• WHAT THE TASK ASKS: What you return should match the listing exactly, minus its images.

• RECORDED DATA:
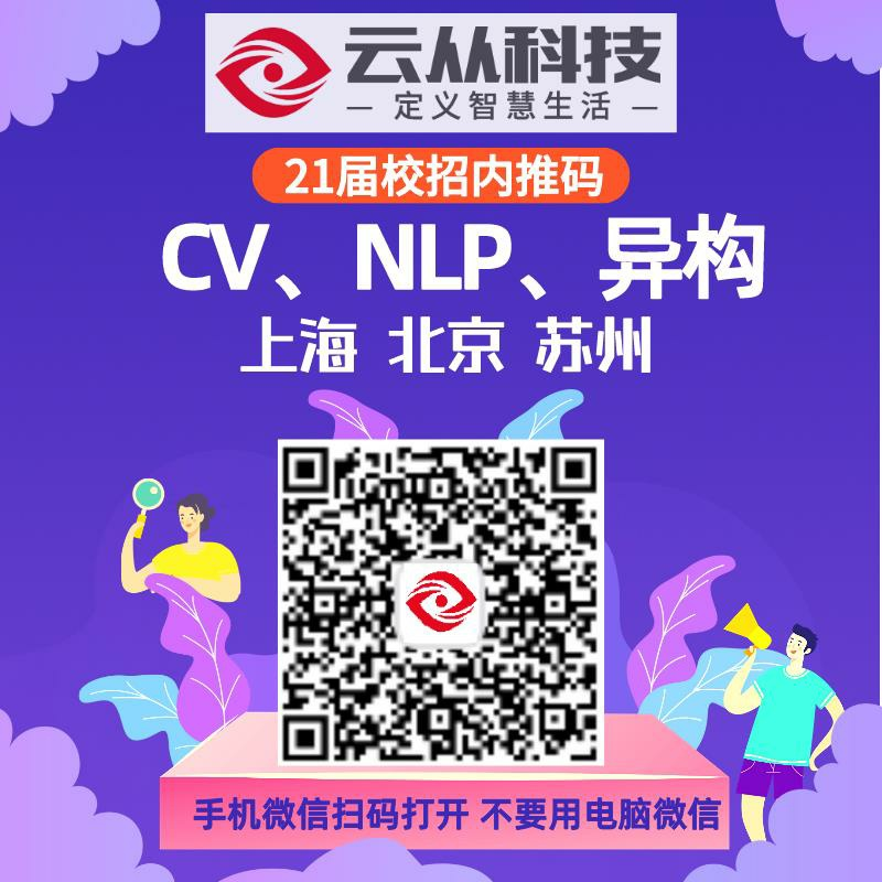 邮箱主题/简历命名格式:云从内推+岗位名称+姓名+CVer推荐
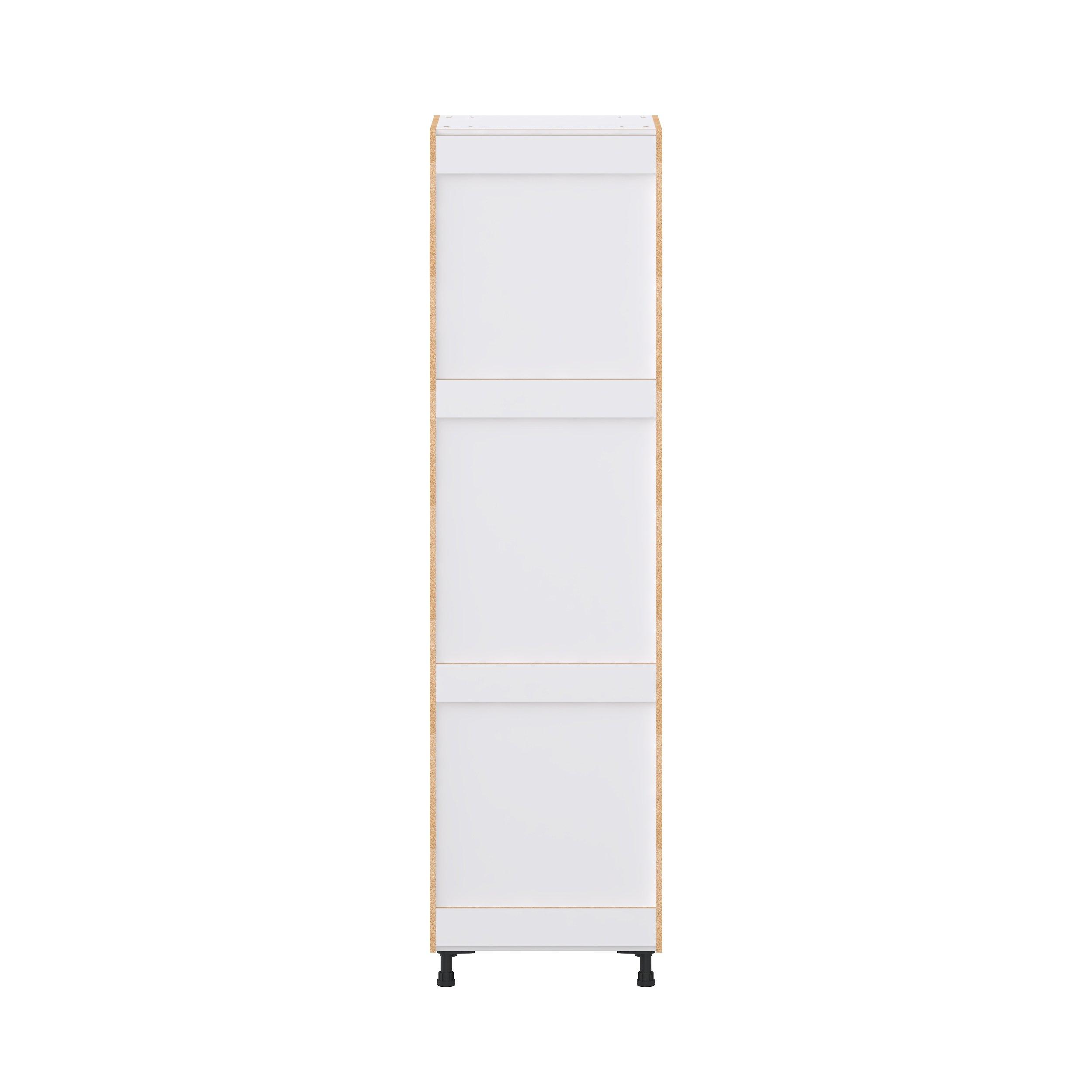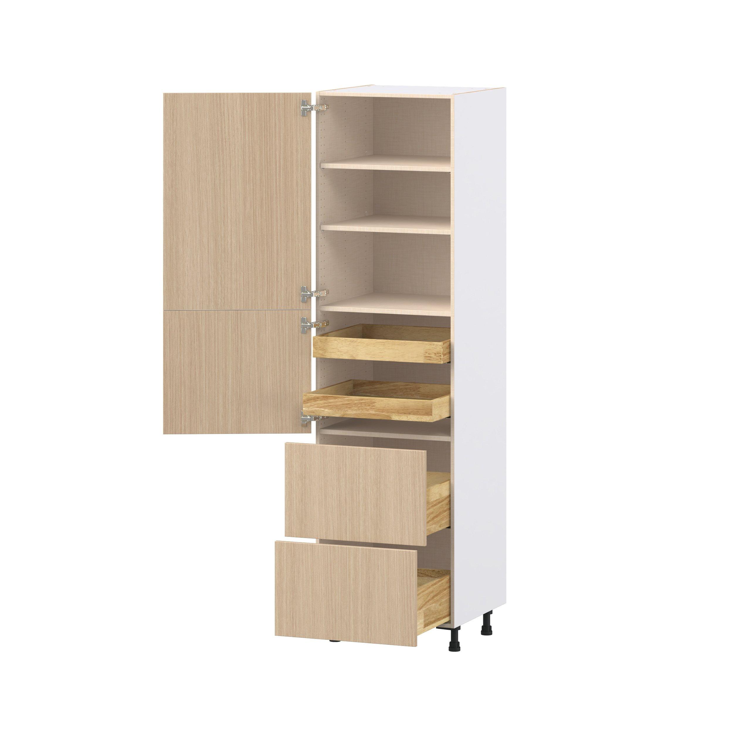 Elevate your project with the contemporary charm of Glenwood slab-style cabinets. Available in desert Mojavi oak and rich burnt walnut finishes, this collection captures the warmth and beauty of natural wood with the practicality of textured melamine. Crafted from one-piece MDF Studio Design Collection Glenwood 24 in. Mojavi Oak Door and Drawer Pantry Cabinet with Inner Pull-Out is designed to resist hairline cracks while the easy-to-clean finish stands up to stains and moisture. Featuring 5-piece doors and dovetail drawer joints, these cabinets offer durability and elegance. This collection combines style with everyday storage solutions.
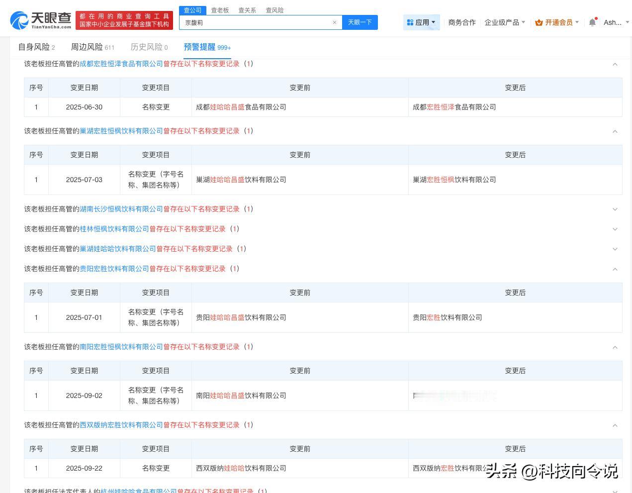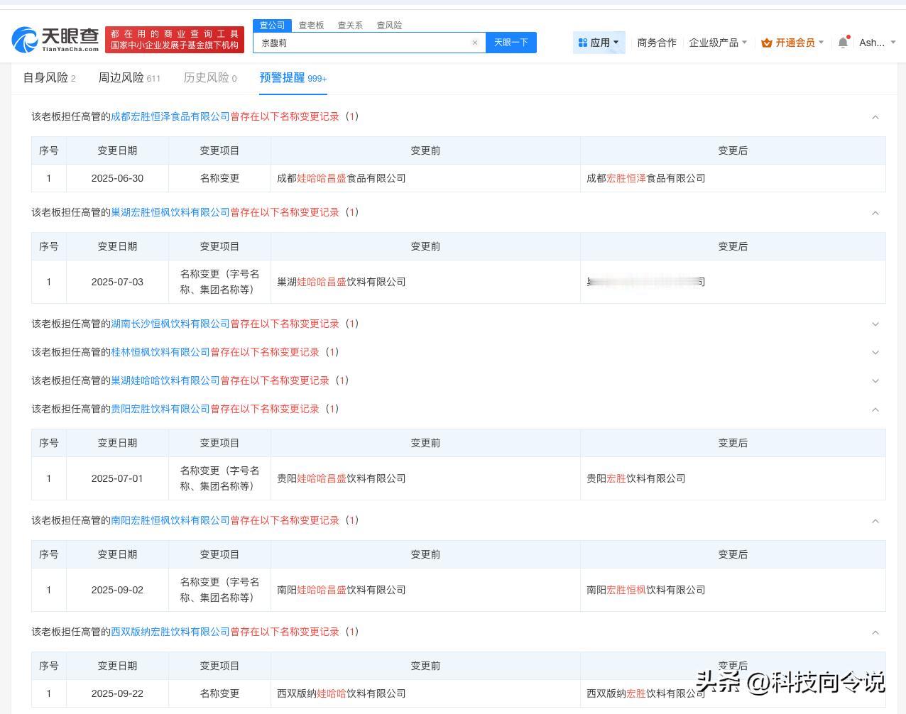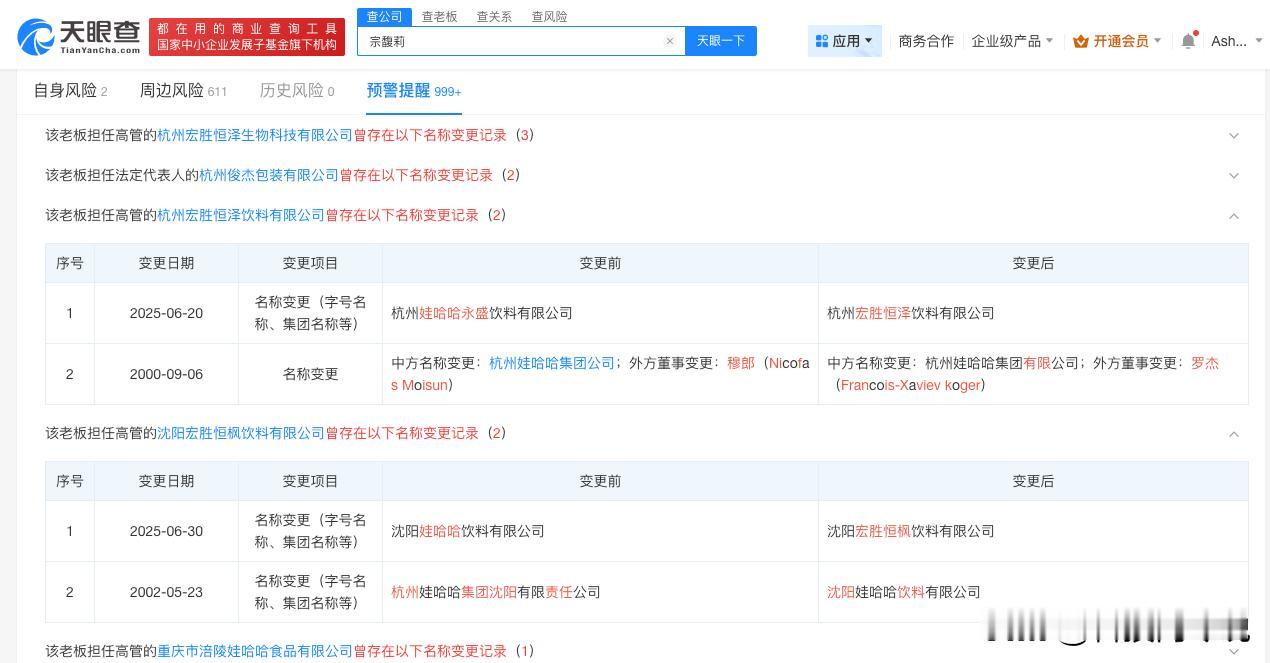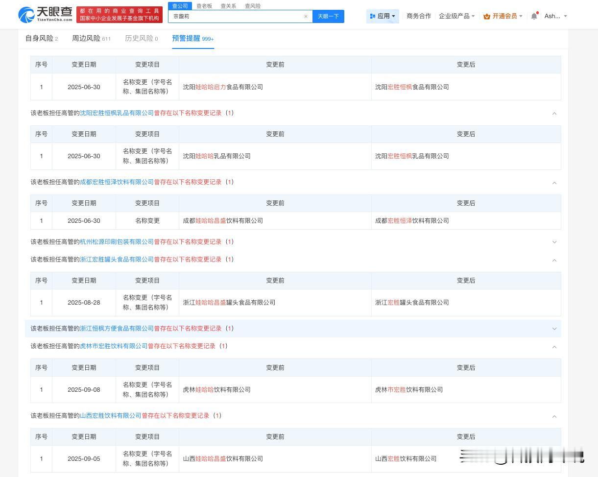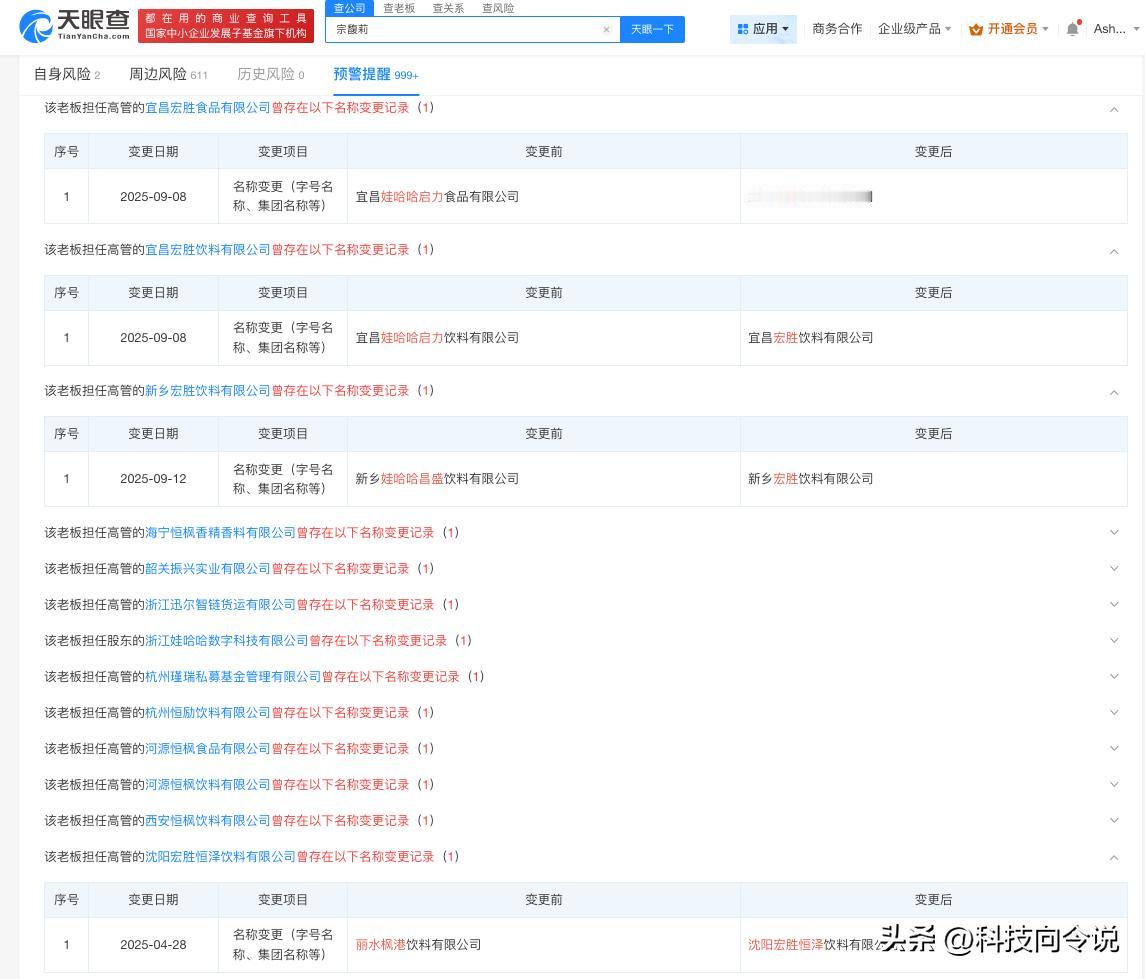 【宗馥莉辞职前娃哈哈多家公司更名宏胜 娃哈哈旗下多地公司9月更名为宏胜】宗馥莉 据媒体报道,记者从接近娃哈哈的人士了解到,宗馥莉已于9月12日向娃哈哈集团有限公司辞去公司法人代表、董事及董事长等相关职务并已通过集团股东会和董事会的相关程序。一名消息人士表示,宗馥莉此次辞职,是因为商标使用“不合规”,宗馥莉决定经营自己的品牌“娃小宗”。 天眼查App显示,天眼查App显示,9月以来,多地娃哈哈关联公司发生工商变更,企业名称变更为宏胜,包括西双版纳宏胜饮料有限公司、宜昌宏胜饮料有限公司等,此外,今年以来已有超十家娃哈哈旗下公司发生工商变更,企业名称变更为宏胜,包括杭州宏胜恒泽饮料有限公司、白山宏胜饮料有限公司等。 天眼查信息:-c559983174
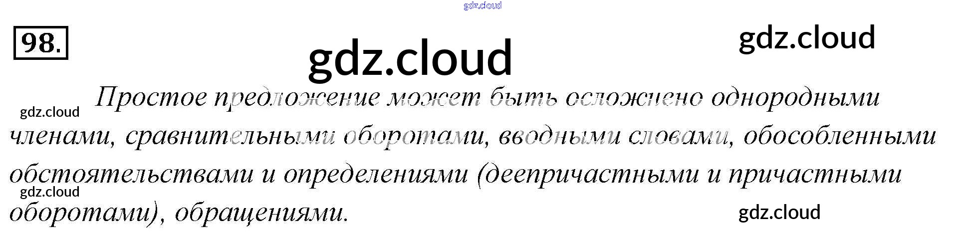 Ответ на задание 98 Учебник Русский язык за 6 (шестой) класс Львова, Львов 2013 Часть 1, 2 ФГОС онлайн и без номера телефона.

• YOUR RESPONSE:
 邮箱主题/简历命名格式:云从内推+岗位名称+姓名+CVer推荐
 Elevate your project with the contemporary charm of Glenwood slab-style cabinets. Available in desert Mojavi oak and rich burnt walnut finishes, this collection captures the warmth and beauty of natural wood with the practicality of textured melamine. Crafted from one-piece MDF Studio Design Collection Glenwood 24 in. Mojavi Oak Door and Drawer Pantry Cabinet with Inner Pull-Out is designed to resist hairline cracks while the easy-to-clean finish stands up to stains and moisture. Featuring 5-piece doors and dovetail drawer joints, these cabinets offer durability and elegance. This collection combines style with everyday storage solutions.
 【宗馥莉辞职前娃哈哈多家公司更名宏胜 娃哈哈旗下多地公司9月更名为宏胜】宗馥莉 据媒体报道,记者从接近娃哈哈的人士了解到,宗馥莉已于9月12日向娃哈哈集团有限公司辞去公司法人代表、董事及董事长等相关职务并已通过集团股东会和董事会的相关程序。一名消息人士表示,宗馥莉此次辞职,是因为商标使用“不合规”,宗馥莉决定经营自己的品牌“娃小宗”。 天眼查App显示,天眼查App显示,9月以来,多地娃哈哈关联公司发生工商变更,企业名称变更为宏胜,包括西双版纳宏胜饮料有限公司、宜昌宏胜饮料有限公司等,此外,今年以来已有超十家娃哈哈旗下公司发生工商变更,企业名称变更为宏胜,包括杭州宏胜恒泽饮料有限公司、白山宏胜饮料有限公司等。 天眼查信息:-c559983174
 Ответ на задание 98 Учебник Русский язык за 6 (шестой) класс Львова, Львов 2013 Часть 1, 2 ФГОС онлайн и без номера телефона.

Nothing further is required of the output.